The decline in low-skill entry-level jobs, shorter summer vacations, unpaid internships, and the lure of unpaid community service jobs to enhance college applications have impacted seasonal employment for high school students. Some positions that might be otherwise open to youth job seekers are being held by seniors who need the work to supplement their sixed retirement incomes.       

 There were other responses to the value of these summer jobs.  One said the job provided “life learning that was actually an adventure.” One woman who grew up in Wells River and worked at the local information booth, got her to meet “all types of personalities,” giving her a better understanding of people.  

Alexis Romano wrote of working at the Ice Cream Fore-U in Lebanon beginning in the summer of 2008. She loved the job and was promoted to shift supervisor. That gave her a “first taste of responsibility.”  She spoke highly of her employers, Jennifer and Meredith Johnson. “My work ethic and professional foundations were molded by both of them which has helped me became a successful leader in my career.  
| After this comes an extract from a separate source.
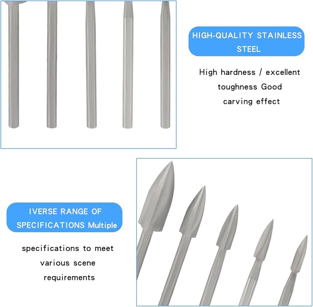 Fine Carving for Impressive Results: Showcase your creativity and skills with these wood carving drill bits. Ideal for DIY, engraving, model making, and more, they are essential tools to create remarkable masterpieces.

Jay Dunlap said the summer of erecting tents “was a bad summer, but it was an education into how tough many lives are and continue to be.” Westy Copeland commented that she “learned how to work hard. Nothing comes easily.”

Isaiah Washburn mentioned that he learned valuable skills involving interactions with people and handling money. Others spoke of the value of manual labor and “a job well done.”

 While for most, the jobs they held during those summers of their youth were dead end, they believed that the positive work ethic learned served them well in later employment.  

Other jobs mentioned to me included hospital patient-sitter, drive-in car hop, library aide, concrete worker, bank teller, greens keeper, paperboy, and working in a family steam laundry.

 Summer jobs for local young workers offered a variety of skills. Some jobs were easy, whereas other were hard. Many gave young people an introduction to the world of adult work. Paychecks were spent on both fun and essentials.

 Looking back, they gave us a variety of memories that still linger as we consider those summer days of our youth.